Second problem: I have to review and make some edits to each record, even if the record is of good quality. Notably, I must update the 049 and add a 949 to each record in order to get our III system to process the records correctly when they load. I wrote a macro that does most of this work for me, but that took me about an hour this morning, including the time I had to spend updating our III load profiles to optimize overlay based on ISBN. Even after specifying that overlay comparison be based upon the normalized form of the ISBN in the 020 field, the III system doesn’t seem to normalize the 020 correctly in all cases. For example, when the ISBN is followed by (pbk.), the III normalization program retains pbk as part of the ISBN, so overlay doesn’t work if that isn’t on the incoming OCLC record. Thus, I have to check and clean up the 020 fields in the existing records in our catalog or the overlay won’t work in many cases.

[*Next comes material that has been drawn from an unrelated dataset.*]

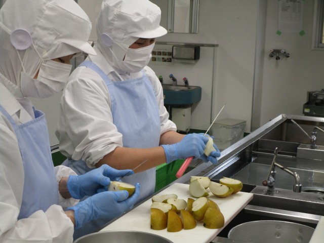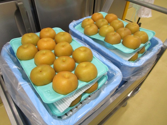 梨の季節です。茨城県は梨の生産が多く、主に県西地域でたくさん収穫されます。豊かな水、恵まれた土壌、昼と夜の寒暖差が大きい気候が梨の生産に適しています。梨の種類として、幸水、豊水が多いですが、新種も多くあります。あきづき、新高、にっこりなどおいしい梨が続きます。今日の梨はどの種類でしょうか。味わってみましょう。

Third problem: The titles in this database are based on the latest edition of the same title in print. And the publisher doesn’t provide any kind of notification or list of updated content, so you’re left on your own to find the updated titles. Since it has been a year since I last worked on this database, I need to search for updated content and dead links at this point, too. This leads to lots more manual review and checking, since there is no way other than human review to determine if the bibliographic record matches the content currently online at the database site.
This is too hard! And I, as the cataloger, am too distracted keeping track of all the mechanical aspects of searching, selecting, and downloading records to focus attention on the intellectual aspects of cataloging, like providing subject access to these resources that suits our local context. There has to be a better way to do this kind of stuff!!!